Reproduce the data below exactly as written. Pictures do not belong in the copy.

▶ STORED DATA
+++
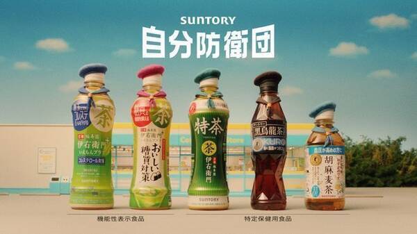 サントリー食品インターナショナルは、無糖茶の特定保健用食品・機能性表示食品カテゴリー初となる統合コミュニケーションを実施する。11月16日から「健康茶統合」新TV-CM「自分防衛団の歌」篇、「胡麻麦茶」新TV-CM「青空測定」篇、「伊右衛門プラス コレステロール対策」新TV-CM「滑り台検証」篇を全国で放映する。
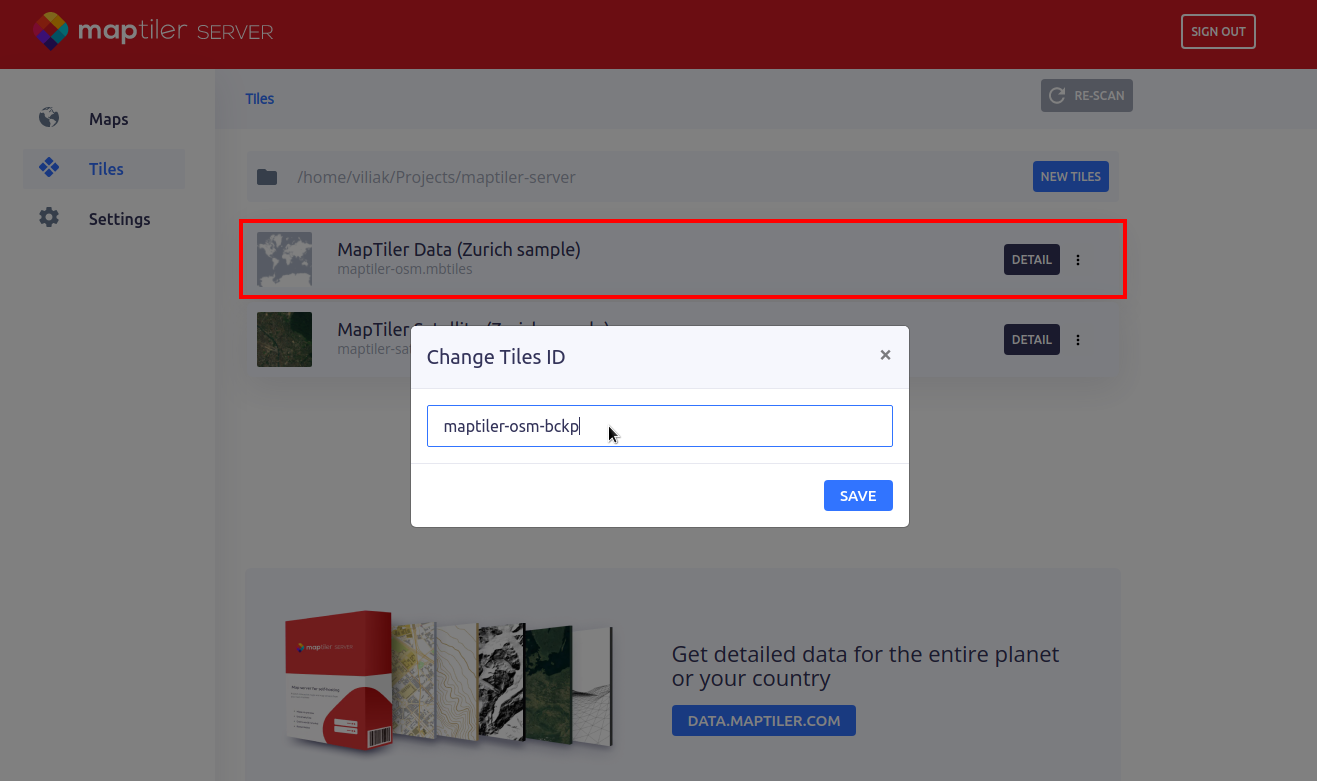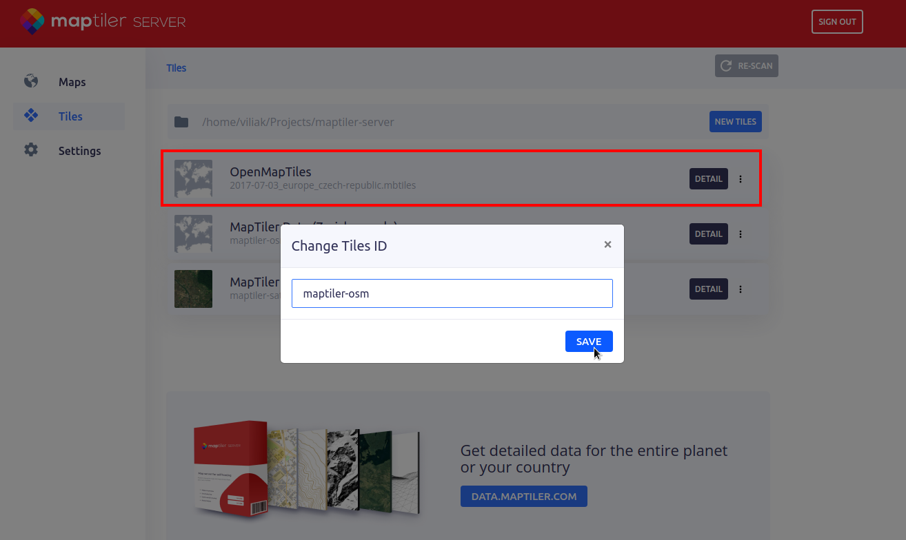 The last step on getting your server ready is setting its id to the previously mentioned value maptiler-osm.
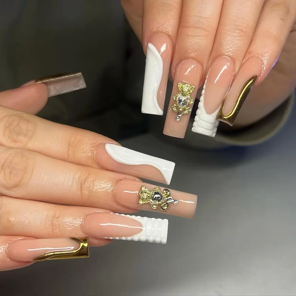 This style takes the classic French manicure and gives it a glow-up. Instead of flat tips, the nails have a sculpted shape that looks super refined. I love how the white tips stay clean while soft gold accents quietly steal the show. This White and Gold Nail look feels perfect for weddings or big events where you want timeless beauty with a modern edge.
+++
▶ SOLUTION FOR THIS TASK
 サントリー食品インターナショナルは、無糖茶の特定保健用食品・機能性表示食品カテゴリー初となる統合コミュニケーションを実施する。11月16日から「健康茶統合」新TV-CM「自分防衛団の歌」篇、「胡麻麦茶」新TV-CM「青空測定」篇、「伊右衛門プラス コレステロール対策」新TV-CM「滑り台検証」篇を全国で放映する。
 The last step on getting your server ready is setting its id to the previously mentioned value maptiler-osm.
 This style takes the classic French manicure and gives it a glow-up. Instead of flat tips, the nails have a sculpted shape that looks super refined. I love how the white tips stay clean while soft gold accents quietly steal the show. This White and Gold Nail look feels perfect for weddings or big events where you want timeless beauty with a modern edge.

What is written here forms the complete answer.